*RECORDS SHOWN*:
★ ★ ★ ★ ★

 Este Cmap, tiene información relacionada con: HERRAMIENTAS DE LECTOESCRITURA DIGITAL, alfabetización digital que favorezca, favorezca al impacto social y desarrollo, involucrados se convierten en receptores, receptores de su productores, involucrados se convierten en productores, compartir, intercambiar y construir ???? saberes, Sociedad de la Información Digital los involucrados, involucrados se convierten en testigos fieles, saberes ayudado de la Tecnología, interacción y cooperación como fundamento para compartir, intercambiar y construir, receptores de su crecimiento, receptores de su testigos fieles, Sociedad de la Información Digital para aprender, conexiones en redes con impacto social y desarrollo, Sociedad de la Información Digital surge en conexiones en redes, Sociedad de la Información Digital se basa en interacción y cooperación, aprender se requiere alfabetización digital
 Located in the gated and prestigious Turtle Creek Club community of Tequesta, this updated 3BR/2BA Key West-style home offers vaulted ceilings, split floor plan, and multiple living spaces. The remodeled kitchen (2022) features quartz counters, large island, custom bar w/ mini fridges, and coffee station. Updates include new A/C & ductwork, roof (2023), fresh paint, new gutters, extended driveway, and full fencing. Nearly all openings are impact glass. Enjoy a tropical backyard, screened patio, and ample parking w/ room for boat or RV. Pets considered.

★ ★ ★ ★ ★

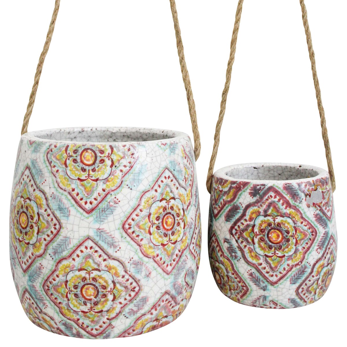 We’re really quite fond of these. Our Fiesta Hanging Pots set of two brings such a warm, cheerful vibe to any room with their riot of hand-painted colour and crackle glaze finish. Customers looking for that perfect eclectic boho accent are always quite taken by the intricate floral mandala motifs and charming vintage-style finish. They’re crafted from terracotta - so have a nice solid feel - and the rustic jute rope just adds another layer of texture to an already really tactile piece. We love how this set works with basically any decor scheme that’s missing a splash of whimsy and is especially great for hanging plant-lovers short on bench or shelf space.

★ ★ ★ ★ ★

*TRY IT*: Using the data above, reproduce exactly the lines from the line that contains "Este Cmap, tiene" through the line that contains "Located in the", including both.

*REPLY TO THE EXERCISE*:
 Este Cmap, tiene información relacionada con: HERRAMIENTAS DE LECTOESCRITURA DIGITAL, alfabetización digital que favorezca, favorezca al impacto social y desarrollo, involucrados se convierten en receptores, receptores de su productores, involucrados se convierten en productores, compartir, intercambiar y construir ???? saberes, Sociedad de la Información Digital los involucrados, involucrados se convierten en testigos fieles, saberes ayudado de la Tecnología, interacción y cooperación como fundamento para compartir, intercambiar y construir, receptores de su crecimiento, receptores de su testigos fieles, Sociedad de la Información Digital para aprender, conexiones en redes con impacto social y desarrollo, Sociedad de la Información Digital surge en conexiones en redes, Sociedad de la Información Digital se basa en interacción y cooperación, aprender se requiere alfabetización digital
 Located in the gated and prestigious Turtle Creek Club community of Tequesta, this updated 3BR/2BA Key West-style home offers vaulted ceilings, split floor plan, and multiple living spaces. The remodeled kitchen (2022) features quartz counters, large island, custom bar w/ mini fridges, and coffee station. Updates include new A/C & ductwork, roof (2023), fresh paint, new gutters, extended driveway, and full fencing. Nearly all openings are impact glass. Enjoy a tropical backyard, screened patio, and ample parking w/ room for boat or RV. Pets considered.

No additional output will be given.